● Exercise
Set every line of the data down again exactly, and keep the pictures out.
————————
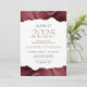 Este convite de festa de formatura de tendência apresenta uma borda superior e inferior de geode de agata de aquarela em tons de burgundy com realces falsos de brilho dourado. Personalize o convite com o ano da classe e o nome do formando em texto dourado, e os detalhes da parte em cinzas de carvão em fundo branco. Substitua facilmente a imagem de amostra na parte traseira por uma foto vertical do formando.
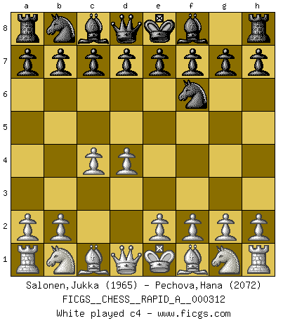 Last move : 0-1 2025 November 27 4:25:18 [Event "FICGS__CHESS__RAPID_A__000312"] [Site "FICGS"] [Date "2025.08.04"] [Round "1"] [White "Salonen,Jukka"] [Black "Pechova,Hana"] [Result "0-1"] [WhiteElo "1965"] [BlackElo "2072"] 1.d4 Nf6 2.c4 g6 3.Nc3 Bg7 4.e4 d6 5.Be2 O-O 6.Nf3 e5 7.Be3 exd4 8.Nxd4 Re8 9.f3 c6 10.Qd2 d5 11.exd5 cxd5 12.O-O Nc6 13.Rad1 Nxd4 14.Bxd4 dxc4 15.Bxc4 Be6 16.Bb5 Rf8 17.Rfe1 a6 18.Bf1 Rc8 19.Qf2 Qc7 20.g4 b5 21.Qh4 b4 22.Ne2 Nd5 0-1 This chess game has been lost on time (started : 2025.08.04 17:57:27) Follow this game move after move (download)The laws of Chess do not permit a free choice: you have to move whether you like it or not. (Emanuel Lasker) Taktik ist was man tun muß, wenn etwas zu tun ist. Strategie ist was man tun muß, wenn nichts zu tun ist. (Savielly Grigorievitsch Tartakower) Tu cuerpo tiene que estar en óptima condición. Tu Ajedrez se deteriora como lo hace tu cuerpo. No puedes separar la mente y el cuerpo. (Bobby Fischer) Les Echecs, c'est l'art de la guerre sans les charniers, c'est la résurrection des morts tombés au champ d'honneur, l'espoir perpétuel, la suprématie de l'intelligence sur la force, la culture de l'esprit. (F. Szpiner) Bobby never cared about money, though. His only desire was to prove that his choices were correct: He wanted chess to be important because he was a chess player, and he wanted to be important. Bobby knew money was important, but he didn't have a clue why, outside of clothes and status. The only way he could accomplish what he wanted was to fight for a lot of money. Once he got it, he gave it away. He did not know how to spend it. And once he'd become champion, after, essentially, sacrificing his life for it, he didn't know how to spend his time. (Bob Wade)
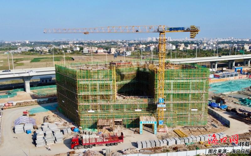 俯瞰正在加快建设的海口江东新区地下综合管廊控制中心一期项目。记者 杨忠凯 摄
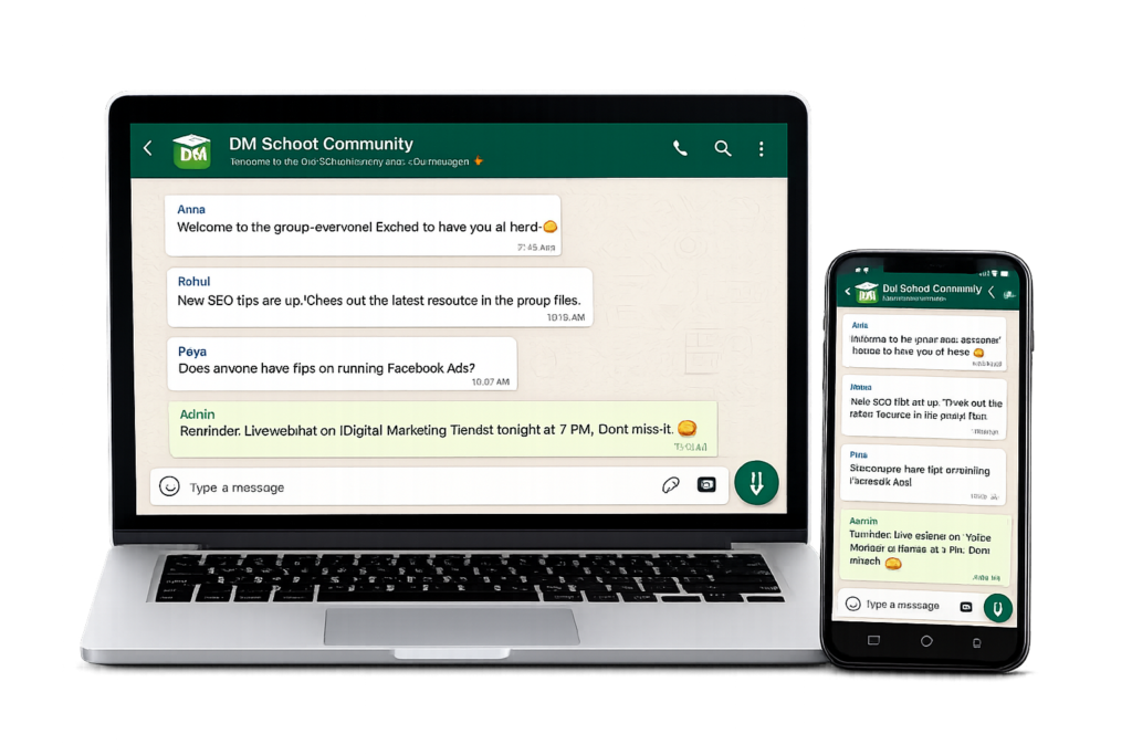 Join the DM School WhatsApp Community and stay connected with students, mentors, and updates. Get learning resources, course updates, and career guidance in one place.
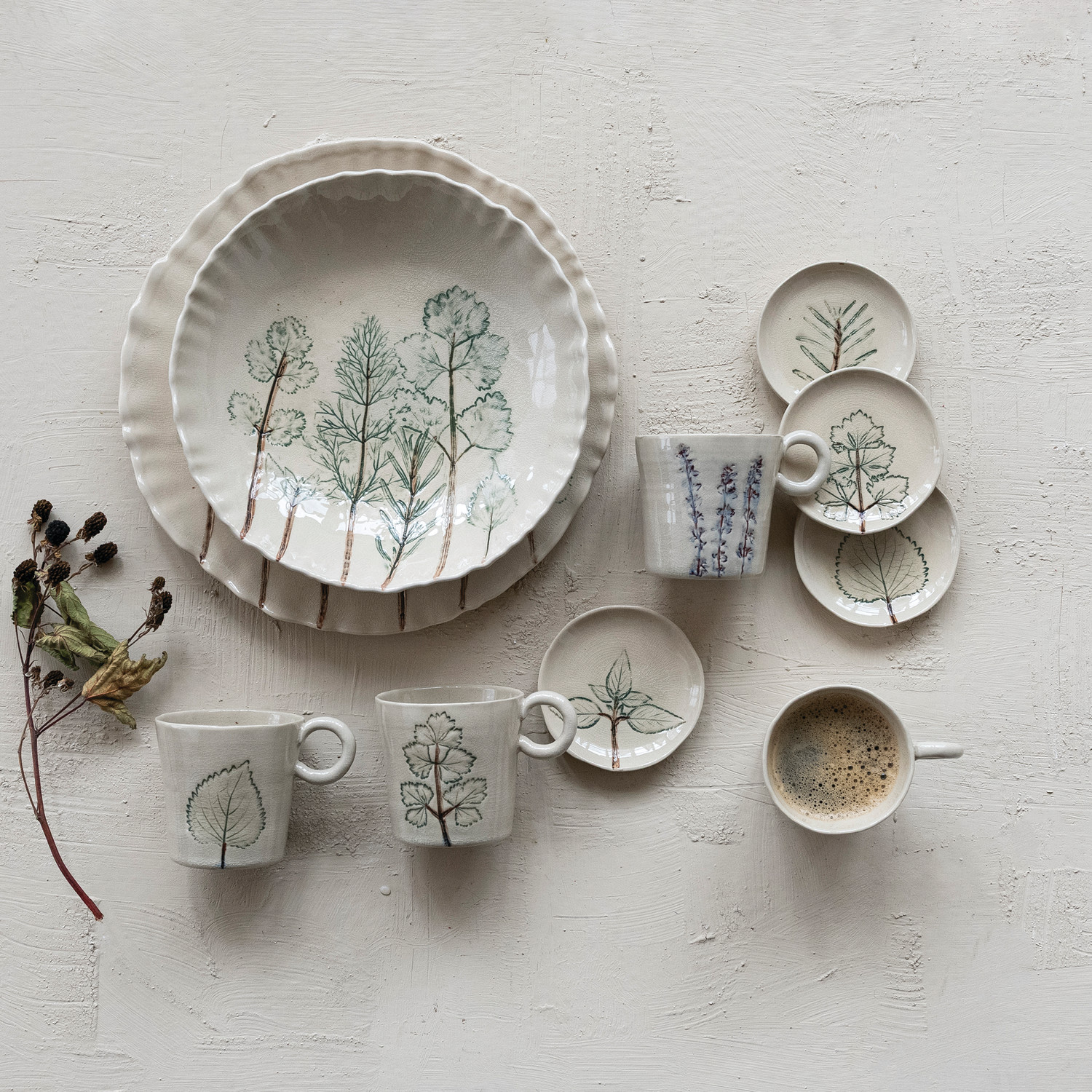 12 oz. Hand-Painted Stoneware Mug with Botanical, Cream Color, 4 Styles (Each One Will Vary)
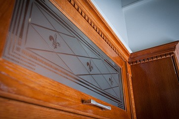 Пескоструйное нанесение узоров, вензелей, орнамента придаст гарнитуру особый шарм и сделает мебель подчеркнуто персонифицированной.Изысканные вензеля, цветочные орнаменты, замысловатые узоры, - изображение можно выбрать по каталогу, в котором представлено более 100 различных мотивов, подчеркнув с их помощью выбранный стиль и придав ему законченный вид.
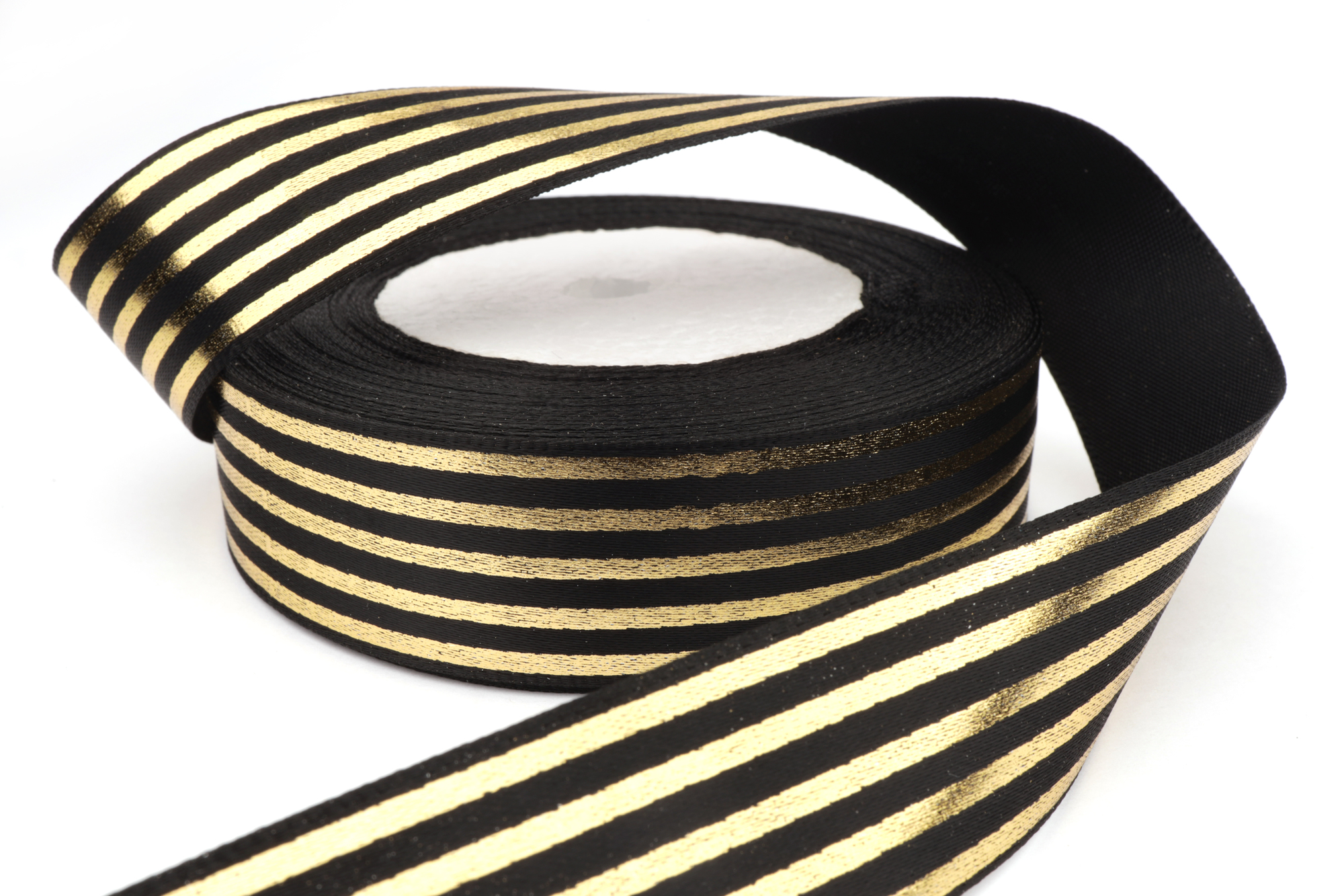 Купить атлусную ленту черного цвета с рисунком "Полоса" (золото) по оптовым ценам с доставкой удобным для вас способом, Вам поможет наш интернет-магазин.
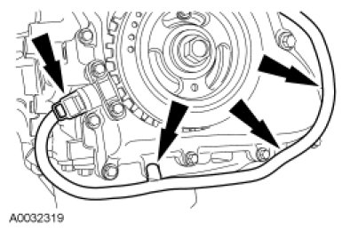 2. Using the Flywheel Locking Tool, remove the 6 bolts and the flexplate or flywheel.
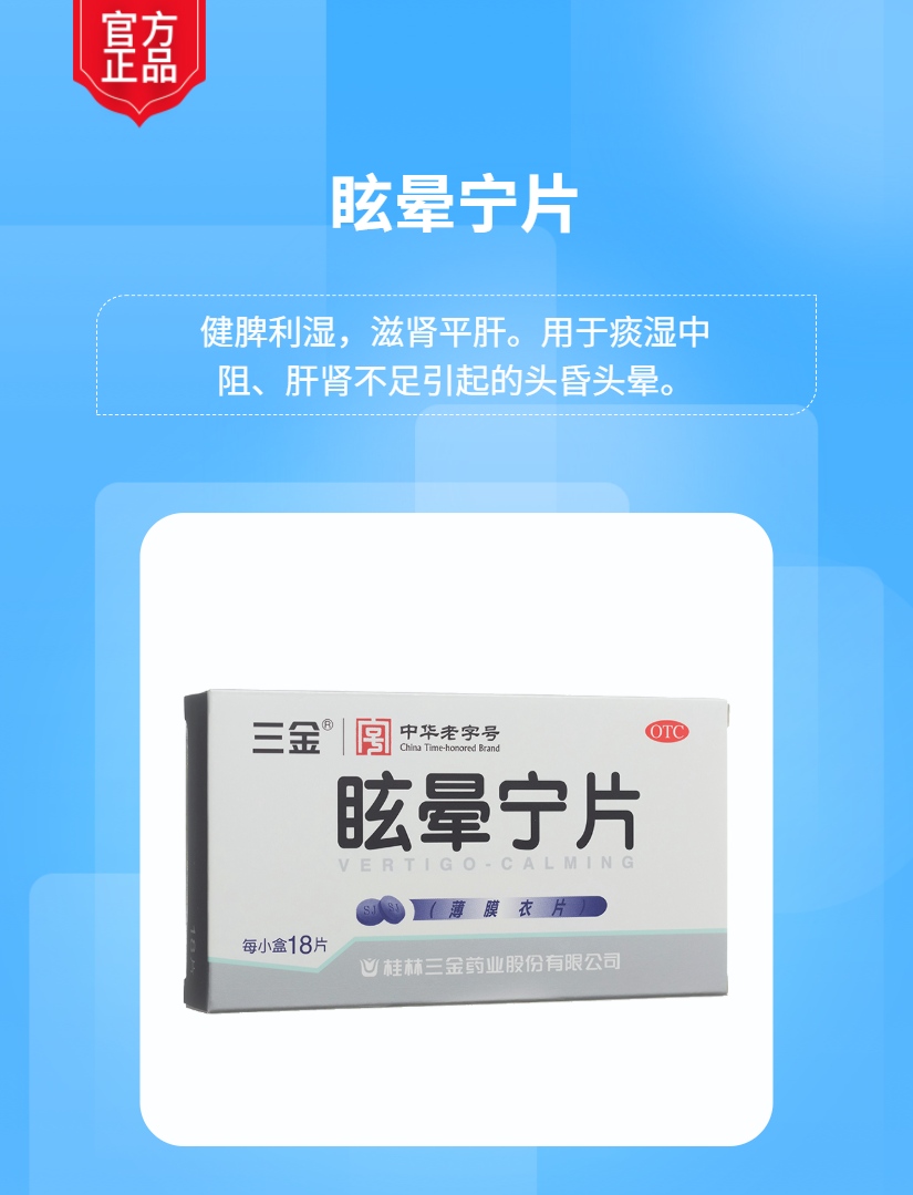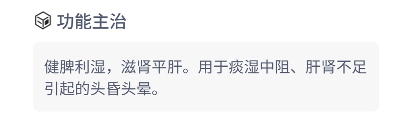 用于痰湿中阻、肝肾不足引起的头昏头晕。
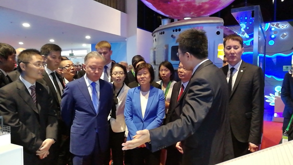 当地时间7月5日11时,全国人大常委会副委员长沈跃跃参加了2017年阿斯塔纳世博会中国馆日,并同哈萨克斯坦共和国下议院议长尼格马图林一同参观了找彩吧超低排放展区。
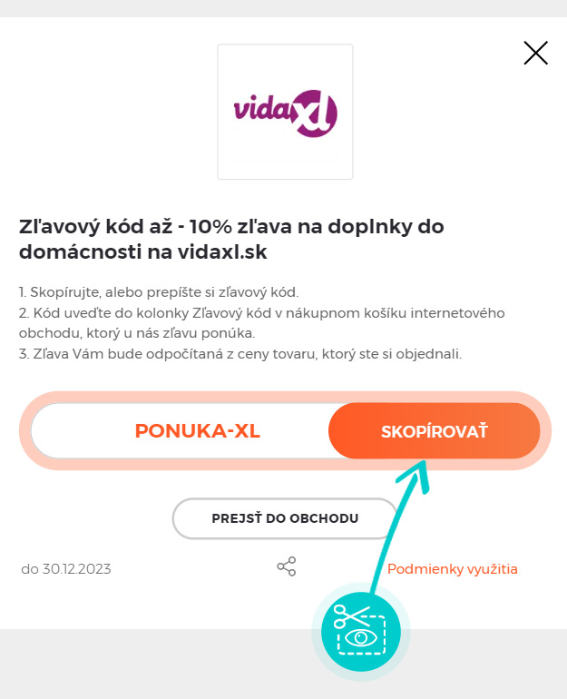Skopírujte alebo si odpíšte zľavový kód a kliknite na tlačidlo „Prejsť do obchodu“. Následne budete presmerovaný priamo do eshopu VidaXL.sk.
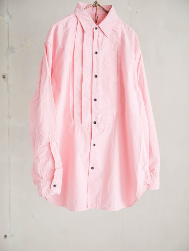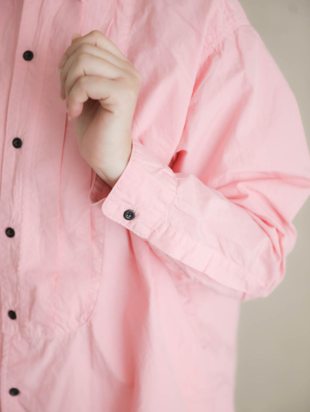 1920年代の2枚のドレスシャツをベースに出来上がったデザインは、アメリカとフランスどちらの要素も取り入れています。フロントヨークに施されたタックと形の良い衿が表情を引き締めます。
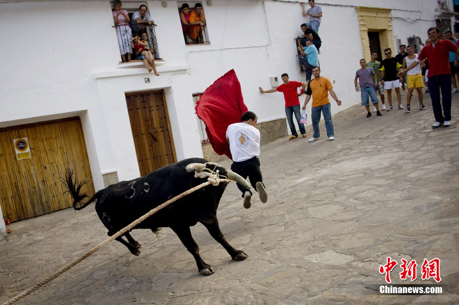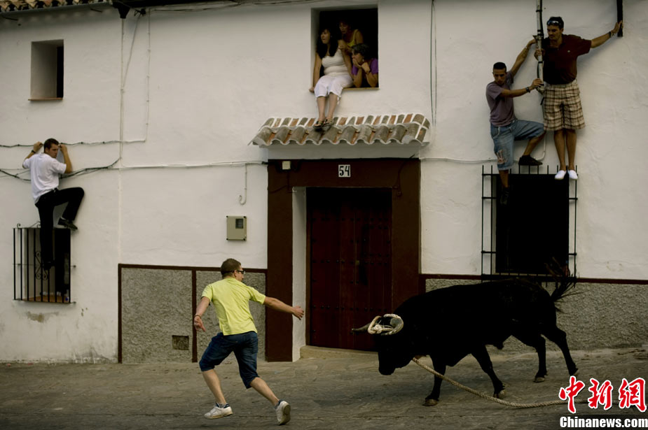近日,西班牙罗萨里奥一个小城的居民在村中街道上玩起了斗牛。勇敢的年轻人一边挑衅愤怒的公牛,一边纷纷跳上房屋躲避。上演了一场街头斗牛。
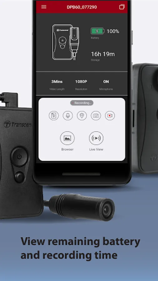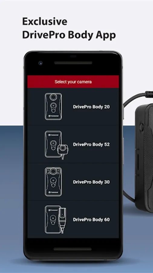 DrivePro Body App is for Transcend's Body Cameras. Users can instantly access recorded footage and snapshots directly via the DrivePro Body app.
————————
● Result of this exercise
 Este convite de festa de formatura de tendência apresenta uma borda superior e inferior de geode de agata de aquarela em tons de burgundy com realces falsos de brilho dourado. Personalize o convite com o ano da classe e o nome do formando em texto dourado, e os detalhes da parte em cinzas de carvão em fundo branco. Substitua facilmente a imagem de amostra na parte traseira por uma foto vertical do formando.
 Last move : 0-1 2025 November 27 4:25:18 [Event "FICGS__CHESS__RAPID_A__000312"] [Site "FICGS"] [Date "2025.08.04"] [Round "1"] [White "Salonen,Jukka"] [Black "Pechova,Hana"] [Result "0-1"] [WhiteElo "1965"] [BlackElo "2072"] 1.d4 Nf6 2.c4 g6 3.Nc3 Bg7 4.e4 d6 5.Be2 O-O 6.Nf3 e5 7.Be3 exd4 8.Nxd4 Re8 9.f3 c6 10.Qd2 d5 11.exd5 cxd5 12.O-O Nc6 13.Rad1 Nxd4 14.Bxd4 dxc4 15.Bxc4 Be6 16.Bb5 Rf8 17.Rfe1 a6 18.Bf1 Rc8 19.Qf2 Qc7 20.g4 b5 21.Qh4 b4 22.Ne2 Nd5 0-1 This chess game has been lost on time (started : 2025.08.04 17:57:27) Follow this game move after move (download)The laws of Chess do not permit a free choice: you have to move whether you like it or not. (Emanuel Lasker) Taktik ist was man tun muß, wenn etwas zu tun ist. Strategie ist was man tun muß, wenn nichts zu tun ist. (Savielly Grigorievitsch Tartakower) Tu cuerpo tiene que estar en óptima condición. Tu Ajedrez se deteriora como lo hace tu cuerpo. No puedes separar la mente y el cuerpo. (Bobby Fischer) Les Echecs, c'est l'art de la guerre sans les charniers, c'est la résurrection des morts tombés au champ d'honneur, l'espoir perpétuel, la suprématie de l'intelligence sur la force, la culture de l'esprit. (F. Szpiner) Bobby never cared about money, though. His only desire was to prove that his choices were correct: He wanted chess to be important because he was a chess player, and he wanted to be important. Bobby knew money was important, but he didn't have a clue why, outside of clothes and status. The only way he could accomplish what he wanted was to fight for a lot of money. Once he got it, he gave it away. He did not know how to spend it. And once he'd become champion, after, essentially, sacrificing his life for it, he didn't know how to spend his time. (Bob Wade)
 俯瞰正在加快建设的海口江东新区地下综合管廊控制中心一期项目。记者 杨忠凯 摄
 Join the DM School WhatsApp Community and stay connected with students, mentors, and updates. Get learning resources, course updates, and career guidance in one place.
 12 oz. Hand-Painted Stoneware Mug with Botanical, Cream Color, 4 Styles (Each One Will Vary)
 Пескоструйное нанесение узоров, вензелей, орнамента придаст гарнитуру особый шарм и сделает мебель подчеркнуто персонифицированной.Изысканные вензеля, цветочные орнаменты, замысловатые узоры, - изображение можно выбрать по каталогу, в котором представлено более 100 различных мотивов, подчеркнув с их помощью выбранный стиль и придав ему законченный вид.
 Купить атлусную ленту черного цвета с рисунком "Полоса" (золото) по оптовым ценам с доставкой удобным для вас способом, Вам поможет наш интернет-магазин.
 2. Using the Flywheel Locking Tool, remove the 6 bolts and the flexplate or flywheel.
 用于痰湿中阻、肝肾不足引起的头昏头晕。
 当地时间7月5日11时,全国人大常委会副委员长沈跃跃参加了2017年阿斯塔纳世博会中国馆日,并同哈萨克斯坦共和国下议院议长尼格马图林一同参观了找彩吧超低排放展区。
Skopírujte alebo si odpíšte zľavový kód a kliknite na tlačidlo „Prejsť do obchodu“. Následne budete presmerovaný priamo do eshopu VidaXL.sk.
 1920年代の2枚のドレスシャツをベースに出来上がったデザインは、アメリカとフランスどちらの要素も取り入れています。フロントヨークに施されたタックと形の良い衿が表情を引き締めます。
近日,西班牙罗萨里奥一个小城的居民在村中街道上玩起了斗牛。勇敢的年轻人一边挑衅愤怒的公牛,一边纷纷跳上房屋躲避。上演了一场街头斗牛。
 DrivePro Body App is for Transcend's Body Cameras. Users can instantly access recorded footage and snapshots directly via the DrivePro Body app.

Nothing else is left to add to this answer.